PROBLEM DETAILS -> Search the data for the string "more" and copy each line where it turns up.
── DATA LISTING ──
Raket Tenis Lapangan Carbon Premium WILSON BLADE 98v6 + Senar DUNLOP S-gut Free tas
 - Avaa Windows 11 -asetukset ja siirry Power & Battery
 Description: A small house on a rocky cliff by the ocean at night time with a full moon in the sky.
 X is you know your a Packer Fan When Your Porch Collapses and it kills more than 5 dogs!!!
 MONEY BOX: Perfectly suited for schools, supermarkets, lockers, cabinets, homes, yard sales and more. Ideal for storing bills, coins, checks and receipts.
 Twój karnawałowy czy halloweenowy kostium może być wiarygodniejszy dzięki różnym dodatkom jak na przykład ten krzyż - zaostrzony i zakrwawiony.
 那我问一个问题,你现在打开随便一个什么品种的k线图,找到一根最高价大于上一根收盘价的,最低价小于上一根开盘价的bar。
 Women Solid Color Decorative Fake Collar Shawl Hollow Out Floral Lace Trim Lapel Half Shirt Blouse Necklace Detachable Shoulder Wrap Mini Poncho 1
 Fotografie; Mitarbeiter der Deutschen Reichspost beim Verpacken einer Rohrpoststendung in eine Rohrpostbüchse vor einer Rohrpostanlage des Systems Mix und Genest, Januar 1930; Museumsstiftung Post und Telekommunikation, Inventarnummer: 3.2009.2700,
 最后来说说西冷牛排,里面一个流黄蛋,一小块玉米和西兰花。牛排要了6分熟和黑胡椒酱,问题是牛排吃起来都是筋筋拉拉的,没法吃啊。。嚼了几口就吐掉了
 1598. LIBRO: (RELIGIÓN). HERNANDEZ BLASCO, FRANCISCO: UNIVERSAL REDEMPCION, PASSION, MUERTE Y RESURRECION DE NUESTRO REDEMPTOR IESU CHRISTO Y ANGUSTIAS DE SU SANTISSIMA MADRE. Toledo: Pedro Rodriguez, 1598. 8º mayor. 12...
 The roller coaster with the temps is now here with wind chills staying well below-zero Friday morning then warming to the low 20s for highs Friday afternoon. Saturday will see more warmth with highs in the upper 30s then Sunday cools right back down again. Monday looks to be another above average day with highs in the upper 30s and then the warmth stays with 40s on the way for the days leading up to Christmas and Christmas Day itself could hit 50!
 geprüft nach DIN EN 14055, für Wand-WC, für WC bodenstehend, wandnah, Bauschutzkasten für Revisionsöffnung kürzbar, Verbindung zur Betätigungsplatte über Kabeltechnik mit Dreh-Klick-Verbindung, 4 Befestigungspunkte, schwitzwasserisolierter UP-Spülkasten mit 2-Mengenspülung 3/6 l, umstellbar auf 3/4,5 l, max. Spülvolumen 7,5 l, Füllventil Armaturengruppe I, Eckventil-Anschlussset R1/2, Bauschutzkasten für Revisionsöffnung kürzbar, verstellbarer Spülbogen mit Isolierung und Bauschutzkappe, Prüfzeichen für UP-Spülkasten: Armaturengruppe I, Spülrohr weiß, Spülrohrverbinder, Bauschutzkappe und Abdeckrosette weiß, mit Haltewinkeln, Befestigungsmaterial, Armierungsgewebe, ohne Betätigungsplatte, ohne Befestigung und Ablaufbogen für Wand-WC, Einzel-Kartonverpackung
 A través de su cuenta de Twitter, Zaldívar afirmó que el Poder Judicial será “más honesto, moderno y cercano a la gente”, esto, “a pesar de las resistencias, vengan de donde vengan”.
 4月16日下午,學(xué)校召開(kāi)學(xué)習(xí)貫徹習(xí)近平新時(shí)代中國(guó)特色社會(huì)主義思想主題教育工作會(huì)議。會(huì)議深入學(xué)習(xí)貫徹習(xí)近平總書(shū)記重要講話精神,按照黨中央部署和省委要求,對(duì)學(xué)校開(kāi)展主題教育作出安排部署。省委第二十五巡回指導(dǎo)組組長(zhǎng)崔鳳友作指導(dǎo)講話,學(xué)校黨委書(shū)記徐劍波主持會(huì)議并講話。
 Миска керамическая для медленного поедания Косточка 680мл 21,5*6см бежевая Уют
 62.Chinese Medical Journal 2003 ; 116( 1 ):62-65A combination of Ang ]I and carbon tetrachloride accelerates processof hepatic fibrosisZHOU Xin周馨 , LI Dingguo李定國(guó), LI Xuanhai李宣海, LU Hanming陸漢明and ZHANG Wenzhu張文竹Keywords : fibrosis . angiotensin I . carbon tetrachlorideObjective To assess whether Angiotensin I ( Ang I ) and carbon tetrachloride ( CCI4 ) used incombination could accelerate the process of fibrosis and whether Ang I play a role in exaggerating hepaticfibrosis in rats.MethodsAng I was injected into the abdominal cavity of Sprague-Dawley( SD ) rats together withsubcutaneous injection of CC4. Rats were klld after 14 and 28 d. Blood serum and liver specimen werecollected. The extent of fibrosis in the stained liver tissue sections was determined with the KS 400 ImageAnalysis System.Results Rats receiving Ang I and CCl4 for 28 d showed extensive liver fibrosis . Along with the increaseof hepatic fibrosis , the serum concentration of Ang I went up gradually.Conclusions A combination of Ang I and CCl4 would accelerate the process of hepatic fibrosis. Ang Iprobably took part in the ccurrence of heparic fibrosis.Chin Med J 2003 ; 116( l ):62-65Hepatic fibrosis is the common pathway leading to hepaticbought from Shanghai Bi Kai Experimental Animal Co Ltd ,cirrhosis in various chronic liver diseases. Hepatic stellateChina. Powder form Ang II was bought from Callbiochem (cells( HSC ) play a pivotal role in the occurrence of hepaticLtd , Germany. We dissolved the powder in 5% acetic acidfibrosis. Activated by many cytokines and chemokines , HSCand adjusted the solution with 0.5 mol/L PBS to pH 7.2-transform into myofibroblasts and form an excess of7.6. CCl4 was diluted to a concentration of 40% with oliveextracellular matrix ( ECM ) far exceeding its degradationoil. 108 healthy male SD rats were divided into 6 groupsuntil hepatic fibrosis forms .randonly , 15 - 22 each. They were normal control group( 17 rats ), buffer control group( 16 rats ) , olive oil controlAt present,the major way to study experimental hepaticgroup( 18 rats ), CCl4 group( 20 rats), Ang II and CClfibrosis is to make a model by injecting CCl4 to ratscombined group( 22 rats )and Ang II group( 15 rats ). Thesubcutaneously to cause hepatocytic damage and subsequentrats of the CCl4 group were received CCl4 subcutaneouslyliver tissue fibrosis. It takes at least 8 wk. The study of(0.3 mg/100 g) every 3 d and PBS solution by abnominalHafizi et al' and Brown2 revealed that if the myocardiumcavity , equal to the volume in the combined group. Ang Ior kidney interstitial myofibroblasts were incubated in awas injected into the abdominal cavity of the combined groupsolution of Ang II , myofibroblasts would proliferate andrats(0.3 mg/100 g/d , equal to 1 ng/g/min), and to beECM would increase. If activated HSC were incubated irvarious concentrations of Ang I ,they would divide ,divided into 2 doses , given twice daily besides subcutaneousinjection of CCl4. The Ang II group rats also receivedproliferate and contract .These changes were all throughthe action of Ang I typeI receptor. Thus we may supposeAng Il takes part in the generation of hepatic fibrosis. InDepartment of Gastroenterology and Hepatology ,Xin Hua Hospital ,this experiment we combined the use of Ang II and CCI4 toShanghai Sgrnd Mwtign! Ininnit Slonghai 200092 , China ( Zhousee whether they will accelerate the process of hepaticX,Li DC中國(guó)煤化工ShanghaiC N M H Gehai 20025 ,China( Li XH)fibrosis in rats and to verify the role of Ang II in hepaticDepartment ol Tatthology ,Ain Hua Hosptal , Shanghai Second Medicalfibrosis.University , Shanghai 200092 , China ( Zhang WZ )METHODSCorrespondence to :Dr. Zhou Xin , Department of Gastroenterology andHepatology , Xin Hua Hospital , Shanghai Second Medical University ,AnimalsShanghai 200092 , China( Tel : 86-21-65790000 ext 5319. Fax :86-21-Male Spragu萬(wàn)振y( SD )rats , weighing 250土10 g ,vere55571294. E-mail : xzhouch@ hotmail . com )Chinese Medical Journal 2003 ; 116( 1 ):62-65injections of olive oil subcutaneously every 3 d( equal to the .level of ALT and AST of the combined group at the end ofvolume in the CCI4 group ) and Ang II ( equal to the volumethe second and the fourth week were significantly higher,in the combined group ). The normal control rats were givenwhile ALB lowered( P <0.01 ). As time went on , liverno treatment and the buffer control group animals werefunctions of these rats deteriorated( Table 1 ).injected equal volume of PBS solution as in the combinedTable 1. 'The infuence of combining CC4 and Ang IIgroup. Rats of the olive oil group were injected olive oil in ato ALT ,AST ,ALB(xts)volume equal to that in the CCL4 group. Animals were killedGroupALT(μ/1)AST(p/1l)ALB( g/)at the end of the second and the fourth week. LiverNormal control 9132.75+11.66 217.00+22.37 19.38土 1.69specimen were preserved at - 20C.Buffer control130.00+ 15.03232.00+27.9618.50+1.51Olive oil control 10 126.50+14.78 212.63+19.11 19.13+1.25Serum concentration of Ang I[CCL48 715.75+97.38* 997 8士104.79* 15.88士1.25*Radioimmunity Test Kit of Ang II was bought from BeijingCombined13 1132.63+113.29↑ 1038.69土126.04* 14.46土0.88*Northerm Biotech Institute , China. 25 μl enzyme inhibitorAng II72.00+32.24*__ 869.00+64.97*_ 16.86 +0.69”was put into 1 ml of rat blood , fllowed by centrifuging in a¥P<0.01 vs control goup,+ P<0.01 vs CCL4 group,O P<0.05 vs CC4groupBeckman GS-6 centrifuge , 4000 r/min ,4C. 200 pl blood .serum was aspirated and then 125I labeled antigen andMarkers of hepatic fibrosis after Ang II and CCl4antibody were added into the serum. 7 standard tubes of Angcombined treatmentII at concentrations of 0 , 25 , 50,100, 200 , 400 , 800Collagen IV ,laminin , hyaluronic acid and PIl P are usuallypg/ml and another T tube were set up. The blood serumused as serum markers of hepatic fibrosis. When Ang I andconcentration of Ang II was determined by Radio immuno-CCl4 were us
───
EXPECTED ANSWER ->
 X is you know your a Packer Fan When Your Porch Collapses and it kills more than 5 dogs!!!
 MONEY BOX: Perfectly suited for schools, supermarkets, lockers, cabinets, homes, yard sales and more. Ideal for storing bills, coins, checks and receipts.
 The roller coaster with the temps is now here with wind chills staying well below-zero Friday morning then warming to the low 20s for highs Friday afternoon. Saturday will see more warmth with highs in the upper 30s then Sunday cools right back down again. Monday looks to be another above average day with highs in the upper 30s and then the warmth stays with 40s on the way for the days leading up to Christmas and Christmas Day itself could hit 50!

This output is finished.